● **How to complete this task**
Copy nothing but the lines below running from the line containing "This week was" through the line containing "Automotive industry charity, Ben, has", both end lines included.

● **Exercise data**
◇ ◇ ◇
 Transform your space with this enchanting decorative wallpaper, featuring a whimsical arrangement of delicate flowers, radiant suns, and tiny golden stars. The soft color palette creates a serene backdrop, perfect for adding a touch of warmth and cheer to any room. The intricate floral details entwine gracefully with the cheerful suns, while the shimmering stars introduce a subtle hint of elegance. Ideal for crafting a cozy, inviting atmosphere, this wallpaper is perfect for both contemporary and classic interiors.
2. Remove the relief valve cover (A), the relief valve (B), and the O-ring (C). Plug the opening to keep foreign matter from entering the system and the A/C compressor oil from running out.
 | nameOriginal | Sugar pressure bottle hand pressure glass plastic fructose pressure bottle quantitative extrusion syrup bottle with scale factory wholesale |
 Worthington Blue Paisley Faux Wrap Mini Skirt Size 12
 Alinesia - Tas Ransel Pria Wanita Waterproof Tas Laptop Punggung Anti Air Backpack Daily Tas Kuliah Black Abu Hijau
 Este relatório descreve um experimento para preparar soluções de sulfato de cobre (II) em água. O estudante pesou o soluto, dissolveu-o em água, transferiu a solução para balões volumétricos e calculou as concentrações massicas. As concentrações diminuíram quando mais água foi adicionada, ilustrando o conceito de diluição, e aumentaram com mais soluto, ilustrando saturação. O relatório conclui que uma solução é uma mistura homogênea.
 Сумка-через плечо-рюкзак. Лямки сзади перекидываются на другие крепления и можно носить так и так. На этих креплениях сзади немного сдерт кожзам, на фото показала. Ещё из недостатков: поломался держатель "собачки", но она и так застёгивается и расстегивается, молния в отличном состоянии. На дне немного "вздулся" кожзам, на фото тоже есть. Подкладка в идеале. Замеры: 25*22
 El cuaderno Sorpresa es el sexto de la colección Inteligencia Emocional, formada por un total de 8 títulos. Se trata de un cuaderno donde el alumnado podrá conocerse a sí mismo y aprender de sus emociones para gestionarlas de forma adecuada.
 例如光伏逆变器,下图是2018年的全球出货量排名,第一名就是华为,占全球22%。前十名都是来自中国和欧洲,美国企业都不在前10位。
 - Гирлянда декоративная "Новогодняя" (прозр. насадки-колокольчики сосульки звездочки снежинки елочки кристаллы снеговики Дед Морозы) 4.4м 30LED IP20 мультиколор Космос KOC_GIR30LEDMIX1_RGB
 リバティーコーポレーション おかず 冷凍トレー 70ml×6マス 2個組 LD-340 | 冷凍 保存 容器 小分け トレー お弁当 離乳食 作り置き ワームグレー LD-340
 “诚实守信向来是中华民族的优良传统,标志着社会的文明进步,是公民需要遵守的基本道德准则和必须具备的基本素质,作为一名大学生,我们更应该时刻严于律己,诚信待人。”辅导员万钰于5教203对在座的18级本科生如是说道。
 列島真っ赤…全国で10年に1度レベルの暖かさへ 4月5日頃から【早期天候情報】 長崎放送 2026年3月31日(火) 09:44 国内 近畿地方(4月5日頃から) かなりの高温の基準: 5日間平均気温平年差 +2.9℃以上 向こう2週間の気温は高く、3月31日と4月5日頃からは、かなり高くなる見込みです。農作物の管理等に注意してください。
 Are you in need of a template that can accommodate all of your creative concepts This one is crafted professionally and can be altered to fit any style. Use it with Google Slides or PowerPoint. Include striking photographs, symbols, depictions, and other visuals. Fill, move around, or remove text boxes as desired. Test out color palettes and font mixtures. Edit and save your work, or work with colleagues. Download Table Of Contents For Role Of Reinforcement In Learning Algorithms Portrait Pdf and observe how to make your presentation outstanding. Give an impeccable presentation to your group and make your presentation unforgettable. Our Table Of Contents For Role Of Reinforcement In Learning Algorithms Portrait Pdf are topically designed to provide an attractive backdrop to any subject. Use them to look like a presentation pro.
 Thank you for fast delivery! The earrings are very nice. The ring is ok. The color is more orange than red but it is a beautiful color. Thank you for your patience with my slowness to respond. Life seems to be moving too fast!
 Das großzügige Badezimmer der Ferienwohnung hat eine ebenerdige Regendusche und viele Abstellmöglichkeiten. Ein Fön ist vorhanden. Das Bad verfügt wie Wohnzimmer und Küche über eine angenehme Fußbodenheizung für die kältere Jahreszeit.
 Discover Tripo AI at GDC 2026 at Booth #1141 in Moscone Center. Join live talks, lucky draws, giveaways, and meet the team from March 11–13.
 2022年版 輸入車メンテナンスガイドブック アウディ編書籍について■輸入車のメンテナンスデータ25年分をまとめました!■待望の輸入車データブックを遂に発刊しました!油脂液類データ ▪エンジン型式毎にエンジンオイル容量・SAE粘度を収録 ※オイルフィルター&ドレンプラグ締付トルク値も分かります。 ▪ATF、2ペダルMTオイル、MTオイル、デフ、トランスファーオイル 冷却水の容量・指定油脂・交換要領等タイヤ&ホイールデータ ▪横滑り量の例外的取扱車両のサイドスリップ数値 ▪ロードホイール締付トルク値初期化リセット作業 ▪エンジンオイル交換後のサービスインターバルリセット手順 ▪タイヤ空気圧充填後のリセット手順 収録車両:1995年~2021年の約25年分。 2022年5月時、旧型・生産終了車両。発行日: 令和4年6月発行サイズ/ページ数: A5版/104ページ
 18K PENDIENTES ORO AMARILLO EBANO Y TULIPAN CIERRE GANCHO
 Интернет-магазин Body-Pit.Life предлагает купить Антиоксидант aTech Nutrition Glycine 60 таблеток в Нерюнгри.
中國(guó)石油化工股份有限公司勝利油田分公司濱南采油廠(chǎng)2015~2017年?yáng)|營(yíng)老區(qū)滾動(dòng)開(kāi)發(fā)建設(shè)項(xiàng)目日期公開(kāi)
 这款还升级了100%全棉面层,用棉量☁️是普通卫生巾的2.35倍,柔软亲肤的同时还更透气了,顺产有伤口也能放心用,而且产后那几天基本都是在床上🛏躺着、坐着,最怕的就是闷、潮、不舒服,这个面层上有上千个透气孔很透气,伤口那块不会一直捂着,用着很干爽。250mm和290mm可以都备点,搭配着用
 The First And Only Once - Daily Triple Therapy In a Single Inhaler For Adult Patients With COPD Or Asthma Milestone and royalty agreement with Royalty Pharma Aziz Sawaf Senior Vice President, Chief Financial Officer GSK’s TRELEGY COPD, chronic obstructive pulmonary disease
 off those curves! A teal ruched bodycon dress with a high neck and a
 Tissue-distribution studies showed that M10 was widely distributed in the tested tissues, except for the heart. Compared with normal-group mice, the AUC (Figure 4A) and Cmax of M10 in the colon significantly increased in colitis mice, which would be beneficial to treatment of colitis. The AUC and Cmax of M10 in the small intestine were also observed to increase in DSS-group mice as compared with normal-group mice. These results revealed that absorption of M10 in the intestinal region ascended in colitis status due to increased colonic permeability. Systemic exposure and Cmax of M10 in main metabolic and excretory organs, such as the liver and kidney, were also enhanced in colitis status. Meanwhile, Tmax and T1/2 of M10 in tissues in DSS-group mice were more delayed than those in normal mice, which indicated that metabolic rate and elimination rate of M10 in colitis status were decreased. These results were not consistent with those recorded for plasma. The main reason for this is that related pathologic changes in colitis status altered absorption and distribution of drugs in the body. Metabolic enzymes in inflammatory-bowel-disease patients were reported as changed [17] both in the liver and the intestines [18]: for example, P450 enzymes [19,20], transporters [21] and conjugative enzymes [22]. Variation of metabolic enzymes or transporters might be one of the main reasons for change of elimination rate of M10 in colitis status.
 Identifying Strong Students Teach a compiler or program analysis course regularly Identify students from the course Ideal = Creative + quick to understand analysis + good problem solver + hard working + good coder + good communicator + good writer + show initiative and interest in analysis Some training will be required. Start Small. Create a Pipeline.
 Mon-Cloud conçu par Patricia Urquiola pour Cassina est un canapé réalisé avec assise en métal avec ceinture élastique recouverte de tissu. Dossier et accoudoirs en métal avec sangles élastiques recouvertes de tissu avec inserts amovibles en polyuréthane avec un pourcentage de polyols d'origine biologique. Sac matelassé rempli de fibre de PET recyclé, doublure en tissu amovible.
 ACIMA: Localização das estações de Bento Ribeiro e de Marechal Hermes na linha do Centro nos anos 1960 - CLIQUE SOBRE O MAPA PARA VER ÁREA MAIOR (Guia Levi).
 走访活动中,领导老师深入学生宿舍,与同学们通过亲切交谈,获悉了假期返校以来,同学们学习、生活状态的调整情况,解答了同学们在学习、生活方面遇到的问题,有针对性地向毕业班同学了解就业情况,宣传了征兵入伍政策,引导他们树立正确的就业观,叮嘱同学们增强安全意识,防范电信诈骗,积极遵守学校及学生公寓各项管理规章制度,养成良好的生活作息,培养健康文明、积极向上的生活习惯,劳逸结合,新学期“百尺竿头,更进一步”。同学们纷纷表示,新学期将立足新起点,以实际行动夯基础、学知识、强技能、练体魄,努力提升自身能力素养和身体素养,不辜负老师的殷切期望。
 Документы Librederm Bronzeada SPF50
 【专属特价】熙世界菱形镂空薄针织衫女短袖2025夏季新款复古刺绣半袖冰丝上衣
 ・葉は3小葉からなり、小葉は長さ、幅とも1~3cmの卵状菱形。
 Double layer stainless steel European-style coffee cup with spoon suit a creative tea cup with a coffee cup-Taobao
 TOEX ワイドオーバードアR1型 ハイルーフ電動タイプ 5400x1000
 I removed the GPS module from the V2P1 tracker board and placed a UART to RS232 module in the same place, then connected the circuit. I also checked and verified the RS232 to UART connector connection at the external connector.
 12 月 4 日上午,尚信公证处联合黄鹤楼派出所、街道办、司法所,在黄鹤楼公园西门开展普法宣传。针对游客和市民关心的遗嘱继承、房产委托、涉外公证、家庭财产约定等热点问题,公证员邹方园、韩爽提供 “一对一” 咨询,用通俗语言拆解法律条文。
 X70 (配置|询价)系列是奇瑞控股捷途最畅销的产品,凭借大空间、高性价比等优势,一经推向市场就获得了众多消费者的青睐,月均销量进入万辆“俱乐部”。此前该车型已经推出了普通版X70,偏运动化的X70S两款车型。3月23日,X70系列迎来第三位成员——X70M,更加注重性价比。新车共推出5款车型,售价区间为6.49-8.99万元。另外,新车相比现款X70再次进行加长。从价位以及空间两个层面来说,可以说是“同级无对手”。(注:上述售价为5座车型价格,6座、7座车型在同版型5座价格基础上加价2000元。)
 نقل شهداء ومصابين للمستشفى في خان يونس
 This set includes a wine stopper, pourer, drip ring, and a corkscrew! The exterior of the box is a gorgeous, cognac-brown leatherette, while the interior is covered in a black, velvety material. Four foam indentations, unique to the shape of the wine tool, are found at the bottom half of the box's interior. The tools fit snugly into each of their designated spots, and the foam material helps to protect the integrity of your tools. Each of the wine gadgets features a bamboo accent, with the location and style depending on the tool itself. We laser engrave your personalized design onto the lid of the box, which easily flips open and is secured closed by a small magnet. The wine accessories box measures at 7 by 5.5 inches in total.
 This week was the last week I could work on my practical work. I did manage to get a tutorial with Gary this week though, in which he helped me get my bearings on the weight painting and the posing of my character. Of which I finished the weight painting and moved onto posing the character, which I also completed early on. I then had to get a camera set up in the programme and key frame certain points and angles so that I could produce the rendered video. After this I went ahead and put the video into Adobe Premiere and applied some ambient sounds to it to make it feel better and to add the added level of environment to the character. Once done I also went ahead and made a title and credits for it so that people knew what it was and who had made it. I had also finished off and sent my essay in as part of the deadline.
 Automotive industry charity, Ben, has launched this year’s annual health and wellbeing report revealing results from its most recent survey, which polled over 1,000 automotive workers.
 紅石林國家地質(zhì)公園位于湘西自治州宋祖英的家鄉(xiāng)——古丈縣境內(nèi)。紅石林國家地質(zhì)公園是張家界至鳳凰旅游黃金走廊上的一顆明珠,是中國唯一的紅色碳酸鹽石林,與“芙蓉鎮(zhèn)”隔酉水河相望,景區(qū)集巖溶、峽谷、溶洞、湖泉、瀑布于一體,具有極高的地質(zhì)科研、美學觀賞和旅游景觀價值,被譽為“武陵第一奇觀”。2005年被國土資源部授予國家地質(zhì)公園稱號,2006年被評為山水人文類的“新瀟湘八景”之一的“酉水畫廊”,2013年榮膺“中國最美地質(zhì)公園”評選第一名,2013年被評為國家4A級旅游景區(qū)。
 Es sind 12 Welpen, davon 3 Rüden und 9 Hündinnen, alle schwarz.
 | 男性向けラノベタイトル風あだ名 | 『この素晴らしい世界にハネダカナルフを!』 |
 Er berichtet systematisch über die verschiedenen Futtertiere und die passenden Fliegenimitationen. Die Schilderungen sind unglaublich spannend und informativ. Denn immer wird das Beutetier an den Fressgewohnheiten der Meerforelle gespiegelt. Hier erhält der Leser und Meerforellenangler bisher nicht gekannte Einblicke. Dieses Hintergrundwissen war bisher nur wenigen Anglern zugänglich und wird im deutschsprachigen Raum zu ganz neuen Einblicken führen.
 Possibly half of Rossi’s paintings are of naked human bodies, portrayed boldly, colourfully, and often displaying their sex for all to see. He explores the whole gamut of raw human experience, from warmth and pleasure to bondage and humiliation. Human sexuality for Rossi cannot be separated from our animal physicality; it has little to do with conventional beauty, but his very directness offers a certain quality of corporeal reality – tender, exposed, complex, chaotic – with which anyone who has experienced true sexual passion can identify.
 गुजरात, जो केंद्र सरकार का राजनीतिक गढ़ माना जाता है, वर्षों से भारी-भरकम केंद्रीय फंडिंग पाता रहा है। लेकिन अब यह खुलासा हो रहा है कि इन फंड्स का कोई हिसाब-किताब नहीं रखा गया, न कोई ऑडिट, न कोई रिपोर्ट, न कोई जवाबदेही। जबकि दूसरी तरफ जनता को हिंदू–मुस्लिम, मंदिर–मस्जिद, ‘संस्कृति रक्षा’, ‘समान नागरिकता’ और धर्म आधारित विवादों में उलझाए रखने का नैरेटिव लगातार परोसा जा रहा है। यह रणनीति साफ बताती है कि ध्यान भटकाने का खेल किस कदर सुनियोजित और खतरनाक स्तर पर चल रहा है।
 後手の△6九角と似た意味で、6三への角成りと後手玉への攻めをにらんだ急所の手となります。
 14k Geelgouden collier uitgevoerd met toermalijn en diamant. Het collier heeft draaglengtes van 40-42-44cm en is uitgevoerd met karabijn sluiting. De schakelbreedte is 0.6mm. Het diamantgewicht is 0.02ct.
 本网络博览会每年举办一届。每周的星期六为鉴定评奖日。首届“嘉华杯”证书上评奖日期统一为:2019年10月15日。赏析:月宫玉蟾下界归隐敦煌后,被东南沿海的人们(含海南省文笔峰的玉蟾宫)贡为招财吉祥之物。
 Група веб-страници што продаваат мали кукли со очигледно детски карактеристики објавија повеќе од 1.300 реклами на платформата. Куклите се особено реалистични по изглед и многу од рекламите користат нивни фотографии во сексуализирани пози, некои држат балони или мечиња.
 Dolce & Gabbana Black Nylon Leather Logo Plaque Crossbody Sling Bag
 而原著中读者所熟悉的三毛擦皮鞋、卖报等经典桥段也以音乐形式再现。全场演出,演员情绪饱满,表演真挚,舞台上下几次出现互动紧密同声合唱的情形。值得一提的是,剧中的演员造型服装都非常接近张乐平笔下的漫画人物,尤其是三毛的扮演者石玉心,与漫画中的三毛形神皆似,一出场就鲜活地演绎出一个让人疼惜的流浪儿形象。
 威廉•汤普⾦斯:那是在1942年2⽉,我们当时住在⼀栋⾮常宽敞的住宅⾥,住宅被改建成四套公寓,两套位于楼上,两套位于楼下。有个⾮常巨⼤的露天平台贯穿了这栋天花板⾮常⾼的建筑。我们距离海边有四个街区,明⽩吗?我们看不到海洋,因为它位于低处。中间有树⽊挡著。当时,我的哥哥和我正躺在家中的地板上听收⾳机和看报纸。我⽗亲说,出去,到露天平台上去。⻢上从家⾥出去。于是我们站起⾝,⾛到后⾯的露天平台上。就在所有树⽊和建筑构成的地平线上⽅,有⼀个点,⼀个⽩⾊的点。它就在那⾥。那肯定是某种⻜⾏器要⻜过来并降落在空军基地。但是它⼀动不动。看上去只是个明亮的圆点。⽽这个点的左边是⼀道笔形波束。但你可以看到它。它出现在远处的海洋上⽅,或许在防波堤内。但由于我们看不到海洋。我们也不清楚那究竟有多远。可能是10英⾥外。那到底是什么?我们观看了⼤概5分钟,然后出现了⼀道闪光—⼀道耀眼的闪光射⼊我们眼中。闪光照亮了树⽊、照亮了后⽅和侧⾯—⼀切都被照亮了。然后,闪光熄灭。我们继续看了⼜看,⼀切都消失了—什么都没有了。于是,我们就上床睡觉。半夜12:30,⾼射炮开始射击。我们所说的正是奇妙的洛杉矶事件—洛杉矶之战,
◇ ◇ ◇
● **Solution to this problem**
 This week was the last week I could work on my practical work. I did manage to get a tutorial with Gary this week though, in which he helped me get my bearings on the weight painting and the posing of my character. Of which I finished the weight painting and moved onto posing the character, which I also completed early on. I then had to get a camera set up in the programme and key frame certain points and angles so that I could produce the rendered video. After this I went ahead and put the video into Adobe Premiere and applied some ambient sounds to it to make it feel better and to add the added level of environment to the character. Once done I also went ahead and made a title and credits for it so that people knew what it was and who had made it. I had also finished off and sent my essay in as part of the deadline.
 Automotive industry charity, Ben, has launched this year’s annual health and wellbeing report revealing results from its most recent survey, which polled over 1,000 automotive workers.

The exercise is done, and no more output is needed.